I was floating in my happy bubble of impending authordom when Cornelia Funke’s Igraine the Brave came out and popped it. (For those of you who aren’t aware, Igraine is about a young noble girl who wants to be a knight, gets magical pink armor for her birthday, and rides out against a wicked knight.) The classmates whom I’d told of “Skyprancer” immediately accused me of stealing Cornelia Funke’s storyline. The idea had come out of my own cranium, but I couldn’t stand the idea of my masterwork being called a common plagiarism. I mournfully set the blue notebook aside and decided that my dreams were not to be.

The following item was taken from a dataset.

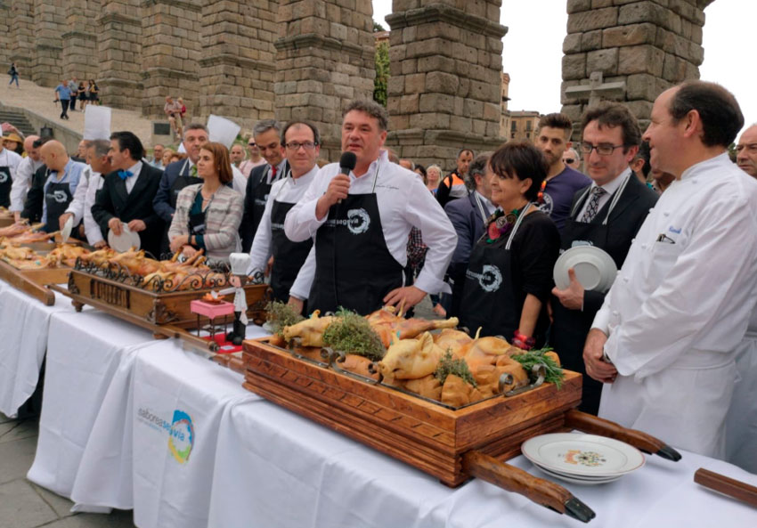 Por poco, pero la impresionante tormenta de última hora de la tarde del 24 de mayo no aguó la “Fiesta de Exaltación del cochinillo“, acto de clausura del Congreso de Turismo y Gastronomía organizado por la Asociación de Camareros de Segovia. Con la participación de 40 restaurantes, y bendiciendo la supermesa servida en el Azoguejo el gastrónomo Roberto Capone, se dieron a destazar al plato otros tantos cochinillos, con ración a tres euros para varios centenares de asistentes. “El cochinillo es parte de la bandera de España”, explicaba el chef, reivindicando el producto de calidad como centro de la buena cocina.

I didn’t write anything else of my own for a while, but the idea of being a published author would not let go of my mind, no matter how I tried to shake it off. I then decided to give it another go. I made three more attempts at writing a novel during the 6th and 7th grades, none of them making it farther than four chapters. The first was “Stella: the tale of a girl, a goat, and me, Brian,” a study in failed realistic fiction and ill-advised titling. Next came the abominable “Dragon’s Bane,” starring a feisty 15-year-old who could be a poster child for Rebellious Princess Syndrome. (This little yarn did, however, prove immensely useful for my current WIP…) Finally, there was the planned “Pangea” trilogy, a far-fetched eco-fantasy that began during my brief tree-hugger phase and ended just as quickly. Now I’m working on the first rewrite of the only novel that’s clicked with me yet. A sign from the Fates, or just a sign of my new persistence?

But all of this leads back to “Skyprancer.” It was the moment I realized I loved writing more than any other pursuit, that lightbulb discovery that I could come up with a story without a teacher’s prompt. It’s just unfortunate that I owe so much to a sparkly unicorn…

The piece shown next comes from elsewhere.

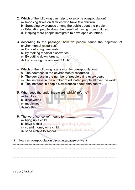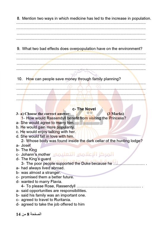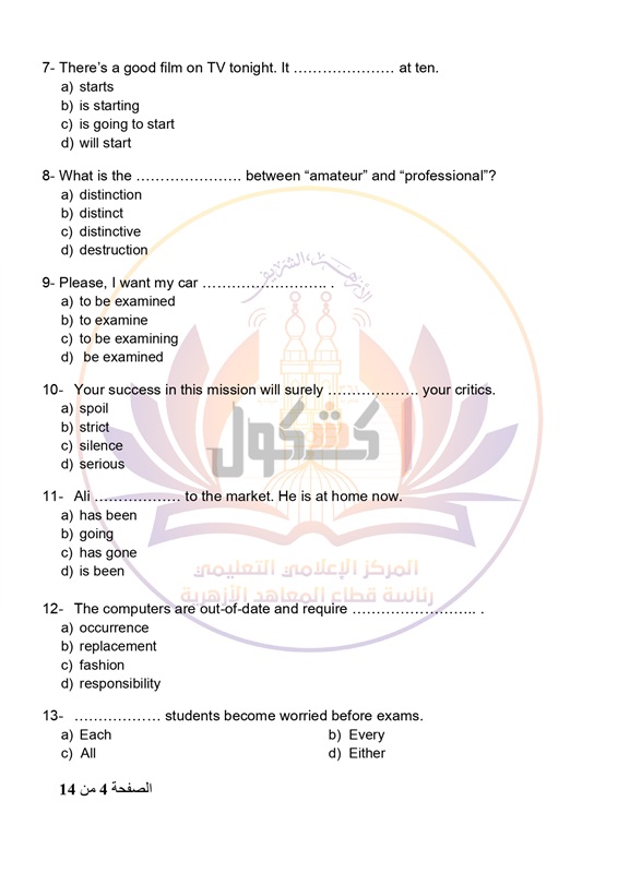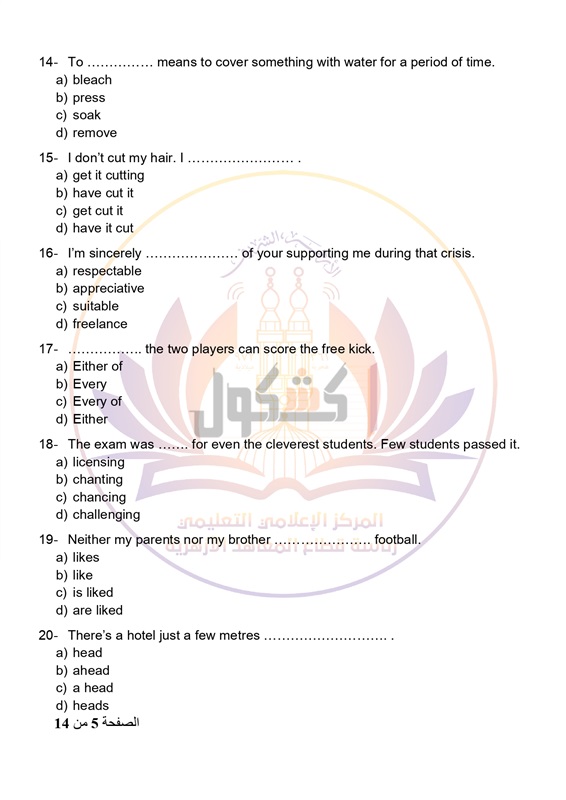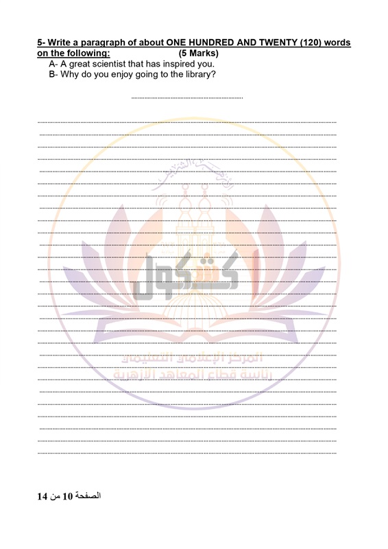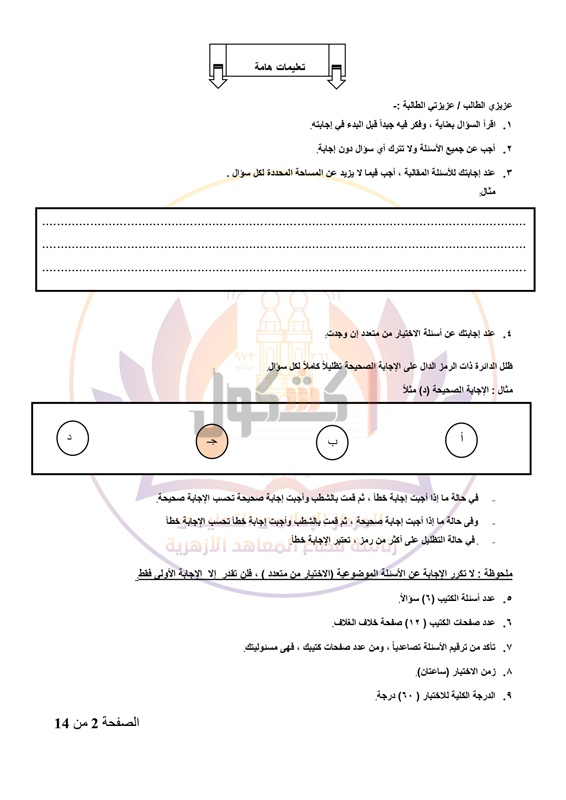 - عدد أوراق الإجابة 14 صفحة بخلاف الغلاف

Are you following our blog chain? If not, I encourage you to see what everyone’s had to say! Here’s this month’s schedule:

October 15th — – A Farewell To Sanity

October 16th — – Eat, Sleep, Write, Repeat

October 17th — – Tay’s Tape

October 18th — – Novel Journeys

October 19th —- – Red Herring Online

October 20th — – Kirsten Writes!

October 21st —–  The Incessant Droning of a Bored Writer

October 22nd — – Here’s To Us

October 23rd — – Teens Can Write Too! (We will be announcing the topic for the next month’s chain)

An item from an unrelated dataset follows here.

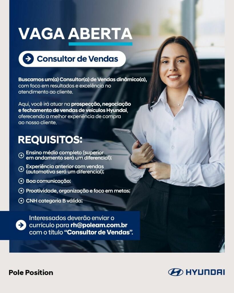 Pole position está selecionando Consultor de vendas; Envie seu currículo!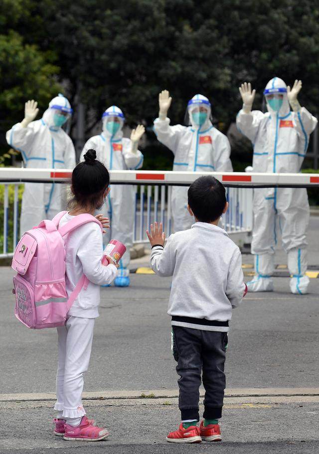 ↑4月30日,走出医院准备回家时,小华(右)和姐姐回身向护送他们出院的医护人员挥手道别。

Posted by on October 22, 2011 in Personal, Writing


Tags: , , , , , ,

7 responses to “The Girl Knight and the Tattered Notebook

  1. John Hansen

    October 22, 2011 at 9:16 AM

    Great post! I know what you mean. With each piece I write, I always am sure that this will be a bestselling novel. Good luck with your rewrites.

  2. TayMik23

    October 22, 2011 at 10:29 AM

    What an awesome way to finish out the blog chain! It wasn’t a terrible book idea; someone else just got to it first, it seems. 🙂

  3. Felicity-Zara Stewart

    October 22, 2011 at 4:52 PM

    I hate it when you mention your idea to someone and they tell you it’s ‘exactly like _____’, even though you had it first. v_v … as with every idea I’ve seen this month, though, yours sounds like it was great. (: – I think when we’re younger, we let our imaginations run away with us sometimes, and the results, while we might look back on them in embarrassment or derision, were actually great at the time. xD awesome post. ^^

  4. Kirsten

    October 22, 2011 at 10:46 PM

    Don’t worry- that storyline is so widely used, it’s hardly plagarism anymore. But it sounds… interesting. And, you know, my first stories were weird too. You always got farther than I did, however.

  5. Miriam Joy

    October 23, 2011 at 7:47 AM

    Oh I know that feeling! You write something, then a book comes out AFTERWARDS that has so much in common with yours, and you’d never heard of the author but everyone else says you copied it … yes, I think we’ve all been there! After all, there aren’t really many plots to go around, so surely some are going to double at some point?

  6. Liam Wood

    October 23, 2011 at 10:20 AM

    It seems that all the previous commenters have taken what I had to say, just like Cornelia Funke, who does that all the time to me. Reckless was an almost direct copy of MY storyline. *Sigh.*

  7. greatlakessocialist

    October 24, 2011 at 5:08 AM

    Great post, and you sound like an awesome writer, and a (ex) literary wunderkind to boot.